Birds Part One
I decided to have a crack at an App to identify birds from their song. The idea is to capture lots of songs, train a machine learning algorithm with them and use the model to predict which bird sang a new song sample.
To start off I had a wander along the river capturing some bird song on my phone. This gave me a mono audio file which I loaded up in an audio editor.
Good machine learning requires your training data to have good features. This means you must give the algorithm meaningful signals to look at, rather than throwing all the data you can find at it and hoping for the best.
Bird song is made up of a series of different pitched sounds of varying volume at different intervals. The waveform of the audio gives some indication of the length and volume of each sound, but not the pitch. For identifying birds I think the pitch and length of the sounds will be important. The volume will probably be less useful since it will depend on how far away the bird is (though this may be useful to determining one bird from another).

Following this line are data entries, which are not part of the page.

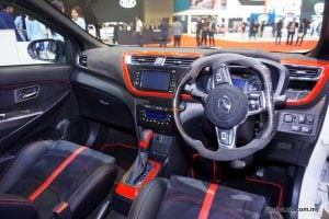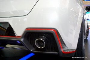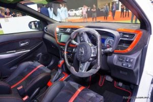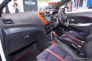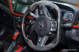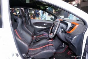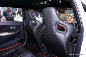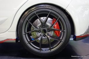Lebih tampak garang, bahagian roda dipadankan rim 17 inci dengan tayar 205/40 berserta brek Brembo. Malah, Myvi GT ini turut dipasangkan bumbung panoramik.
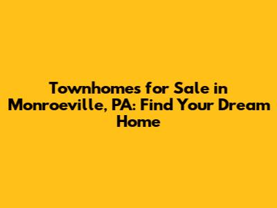 Townhomes For Sale In Monroeville, PA: Find Your Dream Home
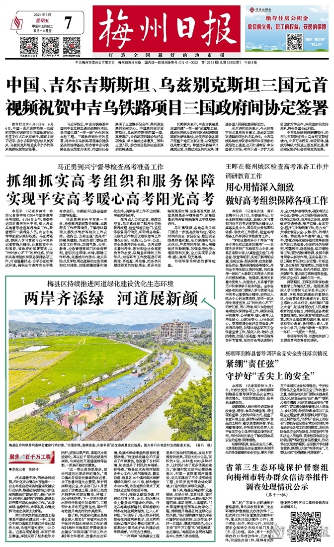 “学校设置有多少个考场”“有多少考生在这里参加高考”……王晖先后来到广东梅县东山中学、梅县区高级中学,认真检查安检门、考务室、饭堂等场所,实地了解考场设置、安检设备、服务保障、应急救援、食品安全、警务保障准备等情况,并向全市考生致以美好祝愿,向在备考一线的广大教职工和考务人员表示问候和感谢。他强调,高考关系着为党育人、为国选才,关系着千家万户和莘莘学子切身利益。全市各地各有关部门要深入学习贯彻习近平总书记重要指示精神,坚持以人民为中心的发展思想,坚持一切从考生角度出发,以“时时放心不下”的责任感,用心用情、深入细致做好高考组织保障各项工作,确保实现平安高考、公平高考、暖心高考,让考生舒心、让家长安心、让社会放心。要周密周全做好各项准备,严肃考风考纪,加强试卷各环节安全保密监管工作,强化人防、物防、技防措施,加强入场检查、考中巡视等各环节管理,坚决打击考试违规行为,全力维护高考秩序,确保考试公平公正;要用心用力做好服务保障,想考生之所想、急考生之所急,统筹做好交通畅通、噪声监管、食品安全、医疗卫生等保障工作,努力为广大考生营造安全、安静、舒心的考试环境。特别是今年高考“遇上”端午,要重点强化做好强对流等极端天气的应急准备,全面抓好风险研判、预警预报、隐患排查、临灾避险等工作;要加强统筹协调,发挥市教育局牵头抓总作用,压实各县(市、区)属地责任和公安交警、市场监管、卫生等部门管理责任,加强市县联动、部门联动、校内外联动,紧盯关键环节、重点部位再梳理再检查,把牢安全关口,确保万无一失。

A spectrogram shows the pitch (or frequency) of the sound (the y axis), as well as its length (the x axis) and the volume (the intensity of the colour). It actually shows the smooth changes in pitch of the bird song. Looking through the recording its easy to tell the difference between the call of a swift and that of a robin by the shape of the lines on the spectrogram. It also allows you to distinguish other sounds (like low frequency wind or road noise) with the potential to remove them. An isolated image of the spectrogram of the song converted to a black and white bitmap could be a good thing to feed into a learning algorithm as training data.
Buoyed by this success I found a free library for doing Fast Fourier Transforms and whipped up some quick code to create spectrograms from audio. There is scope of eking out some extra detail but after very little tweaking I was quite pleased with the results:
The call of a robin
The call of a swift
There are still quite a few problems to overcome, such as
- detecting when a call starts and stops
- isolating the calls of individual birds
- getting enough training data for the classifier
- correctly labelling the training data (I am no bird expert)
- whether everything can run well enough on a phone
It's a promising start though. Watch this space for more bird related excitement.